We have a variety of collars on our goats, have had them for over 20 years now. We've never had a goat get hung up by the collar, but we've lost them about every other way you can think of. I like to keep them fairly snug up high, SWMBO likes them down lower. I don't think any of the dog collars we use are break away and the rope collars surely aren't. It's something to consider though. 

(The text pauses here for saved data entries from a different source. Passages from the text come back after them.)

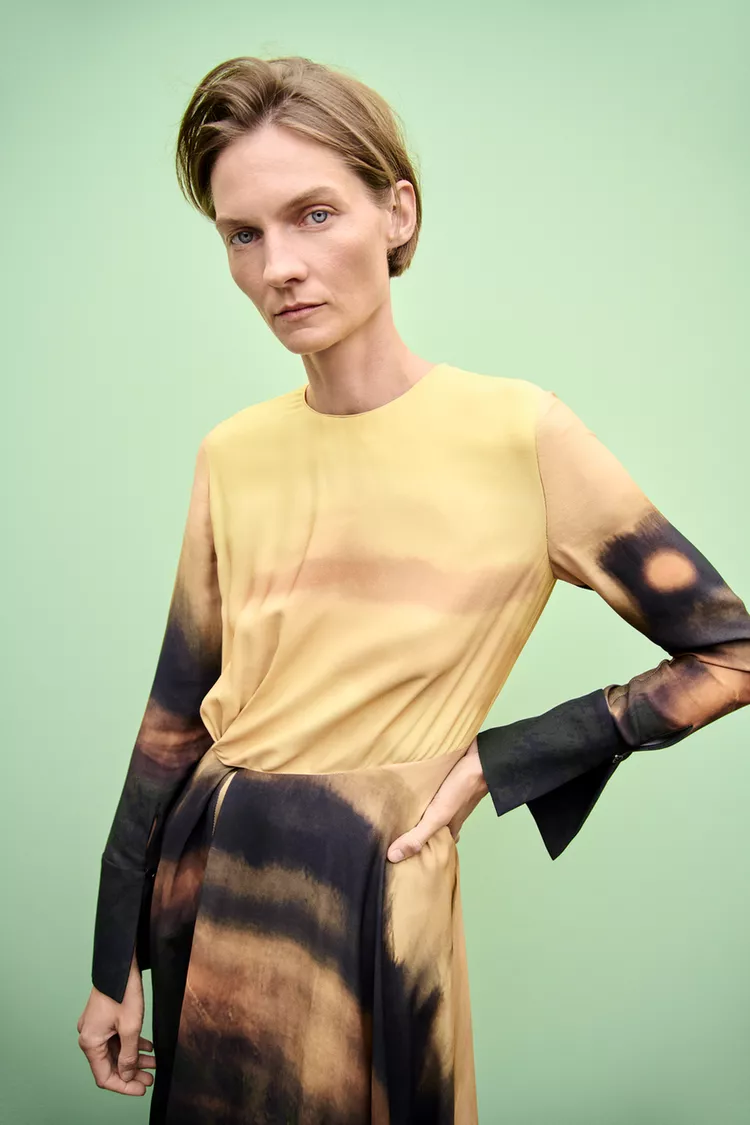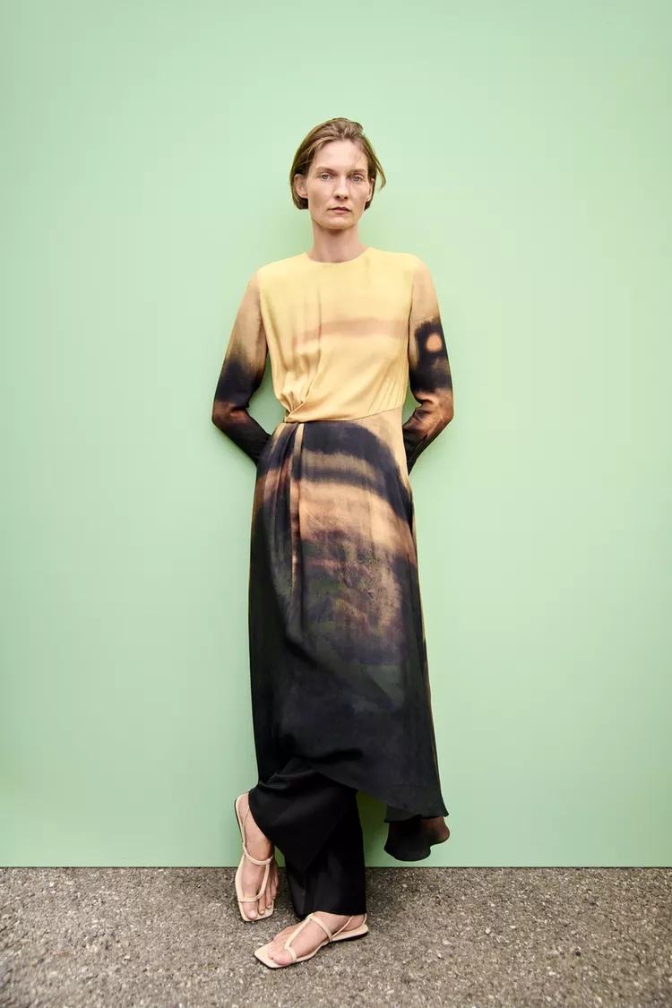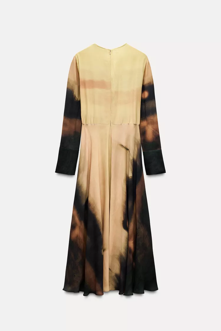 Este vestido midi está confeccionado en hilatura de viscosa 100%, brindando un toque de suavidad y comodidad al usuario. Su diseño cuenta con un cuello redondo y mangas largas acabadas en puño, ideales para realzar una silueta elegante y femenina.
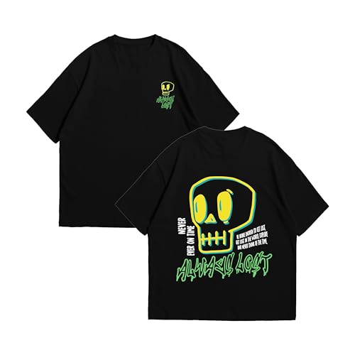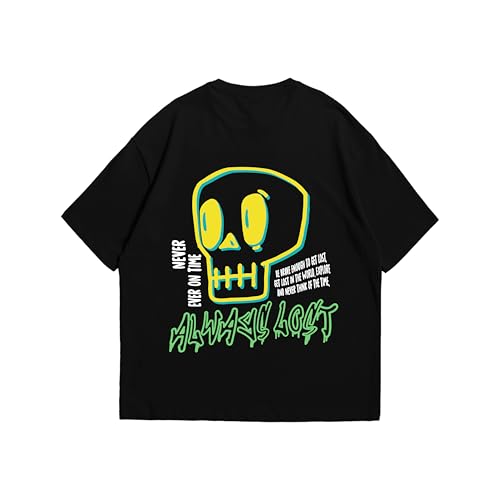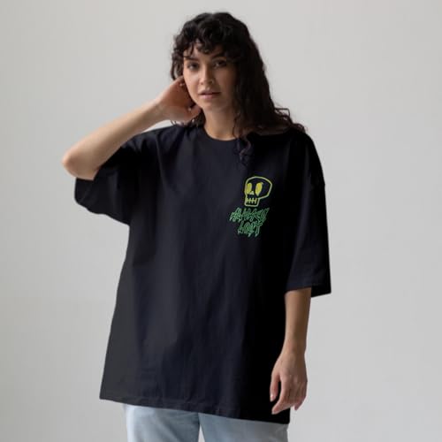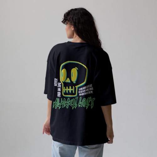 Print n Go - تيشرت قطن كبير الحجم بتصميم جمجمة للجنسين
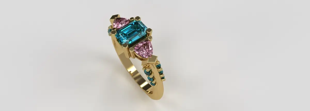 Euro shank ladies diamond ring model. Emerald cut center, trillion and round side stones. Size 7.
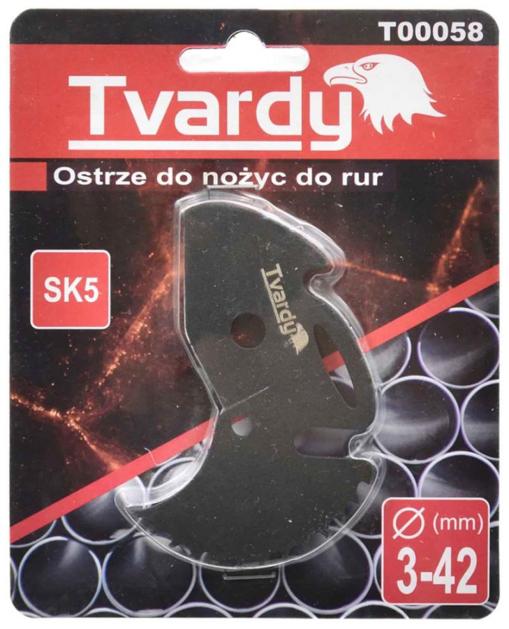 Vymeniteľná čepeľ pre rezačky rúr Tvardy s pracovným rozsahom od 0 do 42 mm. Je vyrobený z vysoko uhlíkovej nástrojovej ocele SK5 vyznačujúcej sa veľmi vysokou odolnosťou proti štiepaniu a praskaniu, navyše je to oceľ s vysokou odolnosťou proti oderu, vďaka čomu sa oveľa pomalšie otupuje.
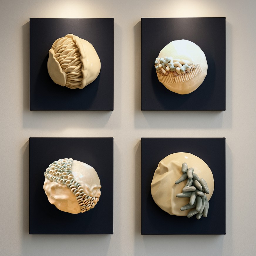 This work is a reinterpretation of the microscopic world translated into a macro scale. It is inspired by the electron microscope image of the microorganism Penicillium. This organism represents both a source of healing — as the producer of the first antibiotic — and a harmful mold that causes food spoilage. The coexistence of its beneficial and detrimental effects creates an ironic contrast. Though invisible to the naked eye, this living being rapidly spreads under suitable conditions, transforming into mold and revealing another layer of reality. The balance and unity observed at this microscopic level point to the existence of another, awe-inspiring world. In this work, through time and observation, the contrast carried from the micro to the macro has been transformed into a topographic image, evoking the resonance of “the harmony of opposites.”

When we put them out on pasture the collars generally come off.


----------



## Otter (Jan 15, 2008)

Nope, never, and never any need.

My goats will all lead with my gently holding an ear as a suggestion. If I need to actually move them, the tiny bit of hay twine in my pocket gets looped over and I hold both ends in my hand. 
If I feel that they are going to be stubborn, which they are generally outgrown by a year, the little piece of hay twine makes a simple halter with one knot, and again, slips right on, off, and back in my pocket.

Why take a risk, when that is so cheap, simple and effective?


----------



## LFRJ (Dec 1, 2006)

Meat goats - no collars. Milking does - yes collars, and yes they're handy. Kids and bucks - no need. 

This is dependent upon the animal too. Our milking does are mellow enough that we don't have problems. If their personalities warranted a hazard, we'd do without. We had breakaways, but one of the does chewed them off the others. (Took a while to figure out who ... weren't able to identify our culprit until it came down to the last goat wearing a collar).


----------



## MeatPigeons (Aug 10, 2013)

Yep. They free range too. One is pretty wild, other is mellow, but collars are just useful for leading.


----------



## karenp (Jun 7, 2013)

I had collars on the last batch, these chew them off each other.


----------



## Joy Bell Farm (Jul 30, 2013)

I have a few thats not tame and there the ones that find my holes. We live on a somewhat busy road. And when they get out it takes everyone in the family to catch. So a colar is needed. 1 doe im about to turn into goat kabobs if she keeps her antics up. I know my fences need work but goodness. She can get threw chain link and dog kennel panel like a ghost . None of my other does can figure out chain link or dog kennels.


----------



## Doug Hodges (Jul 22, 2013)

Looks like the majority use collars all the time.


----------



## MDKatie (Dec 13, 2010)

I use narrow dog collars w/ plastic clasps on my milking does. There isn't anything they can get caught on...no access to any wooded areas and there is a hot wire keeping them off the fence. The kids don't get collars...they are too stupid still. :hysterical: Plus I only need collars on the milkers because I have to walk them all the way to the barn to milk. Most of the time they do fine and know where to go, but you know goats...sometimes they think they would rather go where they want to go.


----------



## Doug Hodges (Jul 22, 2013)

Mine run to the front of the line and I would have 4 of them on the milk stand at once if I didn't lead them to it one at a time. Trust me. Its happened.


----------



## CraterCove (Jan 24, 2011)

There kind of need to be another category, I use collars all the time and they are break away collars. 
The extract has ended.